Reproduce exactly the lines below, starting at the line that contains "志愿者张丽霞、周萍辉正在拨打居民电话" and ending with the last line of the records, both included; leave out any pictures.

Segment Start: Given information

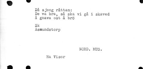 //// Då sjöng råttan: //// De va bra, så ska vi gå i skaved //// å gnava ost å brö //// Sk //// Asmundstorp //// NORD. MUS. //// Ha Visor ////
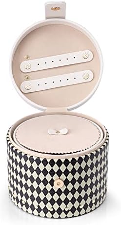 Thanks to its elegant green-black diamond pattern and button-fixed handle, it is a perfect traveling companion on holiday. Dimension of 130mm height and 150mm diameter. Why settle for a plain and ordinary jewelry organizer when you can have a noble and graceful jewelry box that offers both elegance and practicality? Upgrade your travel game and get yours today
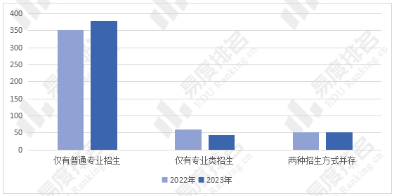 2023年材料类专业招生院校较去年略有增加。仅以普通专业招生的院校较去年增加27所,仅以专业类招生的院校减少17所,两种方式都招生的院校减少1所。更多的院校选择以普通专业招生,考生在志愿填报时更容易直接选择到自己所喜欢的专业。
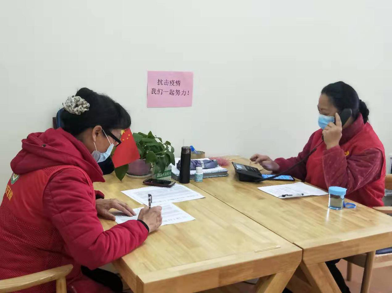 志愿者张丽霞、周萍辉正在拨打居民电话
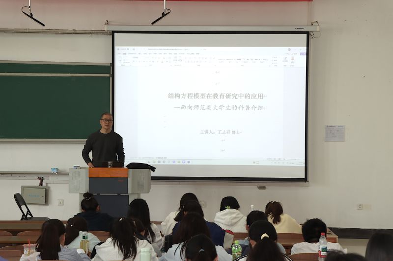 为帮助师范生架起教育理论与科学实证的桥梁,助力“研究型教师”成长,3月26日下午,新葡萄8883官网AMG开展以“结构方程模型在教育研究中的应用——面向师范类大学生的科普介绍”为主题的文化素质讲座。本次讲座由王志祥老师主讲。
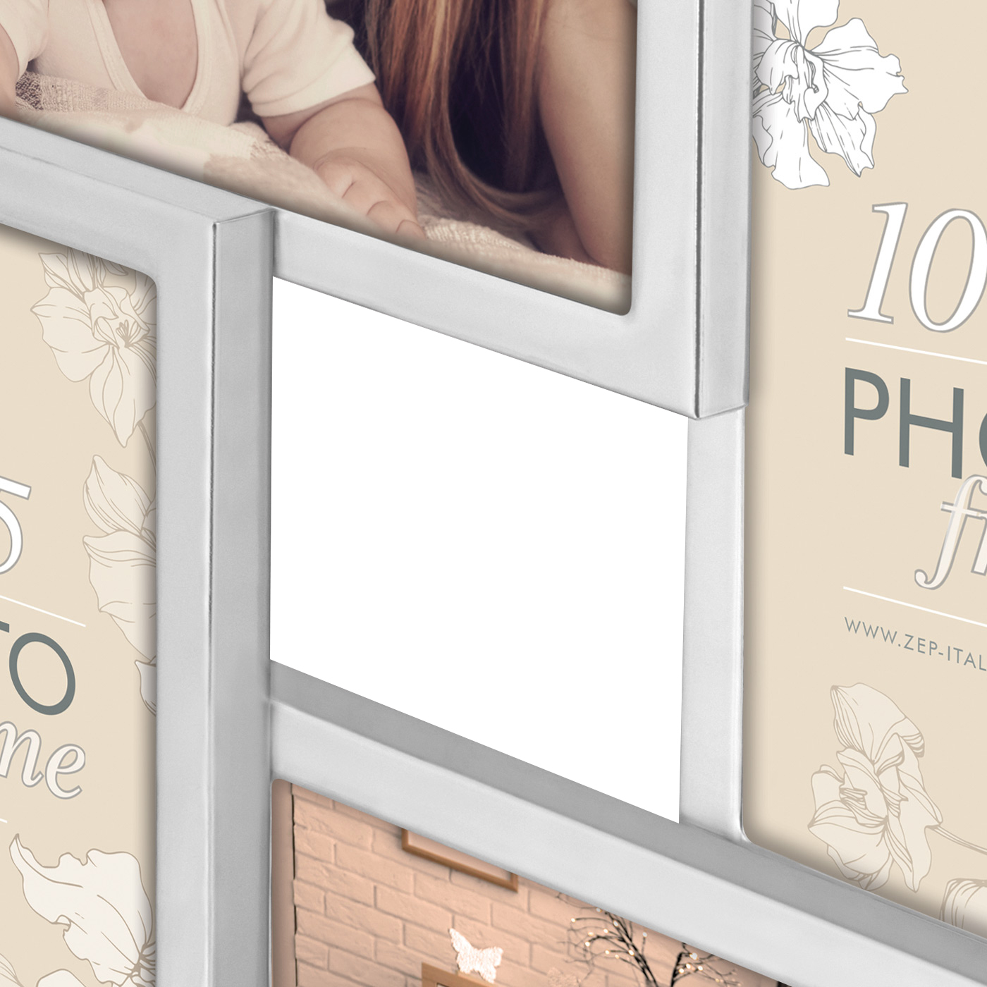 A keret a 10x15 cm-es méretű képekhez van tervezve, ami gyakori méret a fényképeknél. A 25x25 cm-es méretével kiválóan illeszkedik falakra és polcokra egyaránt, az ezüst színű kidolgozása pedig egy modern hatást kölcsönöz otthonának.

Segment End: Given information

_Result of the exercise_.
 志愿者张丽霞、周萍辉正在拨打居民电话
 为帮助师范生架起教育理论与科学实证的桥梁,助力“研究型教师”成长,3月26日下午,新葡萄8883官网AMG开展以“结构方程模型在教育研究中的应用——面向师范类大学生的科普介绍”为主题的文化素质讲座。本次讲座由王志祥老师主讲。
 A keret a 10x15 cm-es méretű képekhez van tervezve, ami gyakori méret a fényképeknél. A 25x25 cm-es méretével kiválóan illeszkedik falakra és polcokra egyaránt, az ezüst színű kidolgozása pedig egy modern hatást kölcsönöz otthonának.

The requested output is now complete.